Question

unit exam-gravitational/electrostatic forces

	set 1	set 2
charge 1	-1 c	-1 c
charge 2	+1 c	-1 c
distance	3 × 10⁻⁸ m	3 × 10⁻⁸ m

which set has a coulombic attraction force?
remember : $f_c = \frac{k(q_1q_2)}{d^2}$
the sets exhibits an equivalent type of coulombic force.
set 1
set 2

Explanation:

Step1: Recall Coulomb's Law Sign Rule

Coulombic attraction occurs between opposite charges (one positive, one negative), repulsion between like charges (both positive or both negative).
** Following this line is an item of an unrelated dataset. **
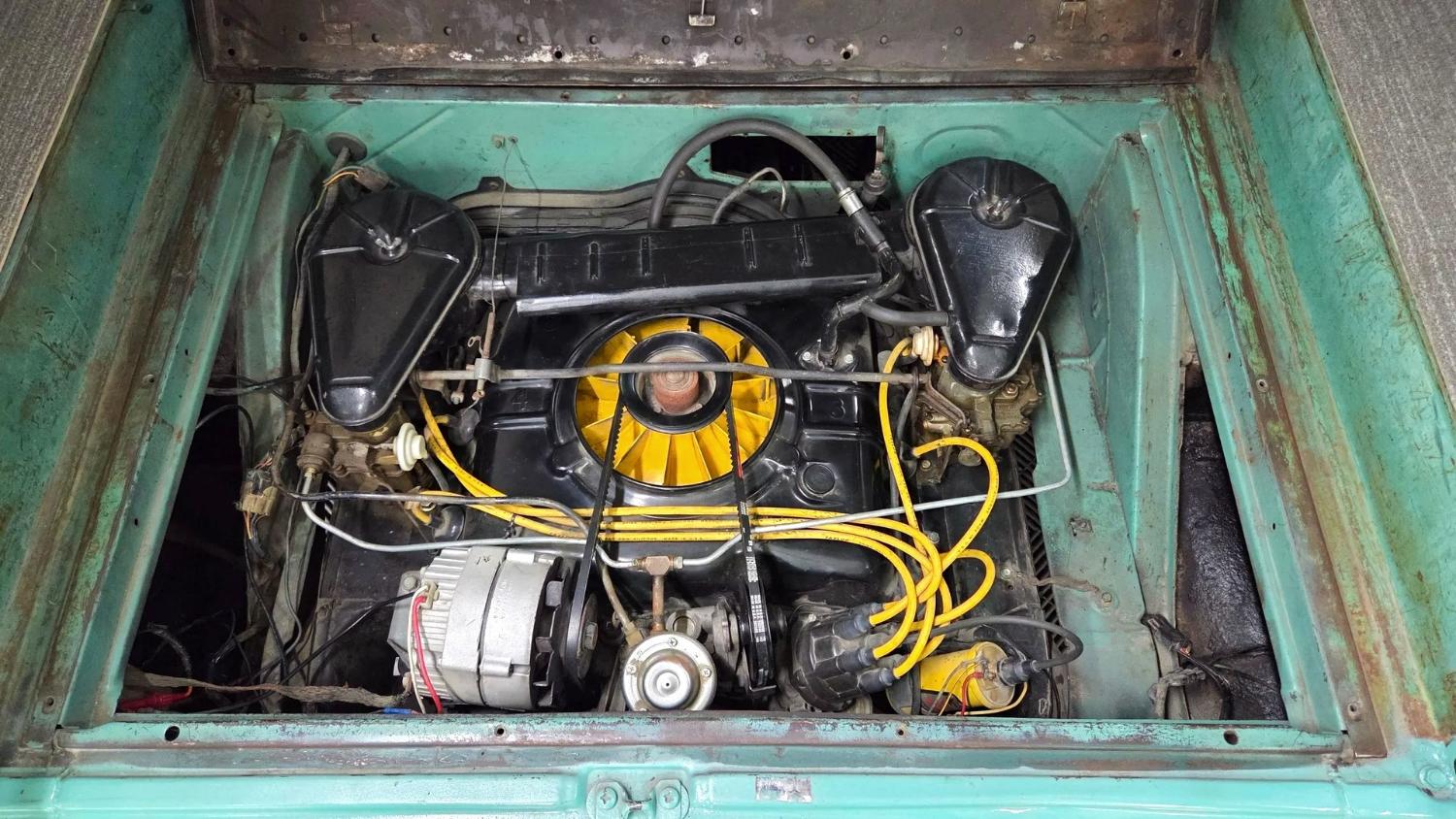 The air-cooled flat-six was originally rated at 80 horsepower with dual single-barrel carburetors, and it’s backed by a two-speed Powerglide automatic. An Accel ignition coil has been added.

The sign of the force (from \( F_c = \frac{k(q_1q_2)}{d^2} \)) depends on \( q_1q_2 \): negative for attraction (opposite charges), positive for repulsion (like charges).

Step2: Analyze Set 1

For Set 1: \( q_1 = -1\ \text{C} \), \( q_2 = +1\ \text{C} \).
Calculate \( q_1q_2 = (-1)(+1) = -1 \).
Since \( q_1q_2 < 0 \), the force is attractive (negative sign indicates attraction in Coulomb's law context).

Step3: Analyze Set 2

For Set 2: \( q_1 = -1\ \text{C} \), \( q_2 = -1\ \text{C} \).
Calculate \( q_1q_2 = (-1)(-1) = +1 \).
Since \( q_1q_2 > 0 \), the force is repulsive (positive sign indicates repulsion).

Answer:

Set 1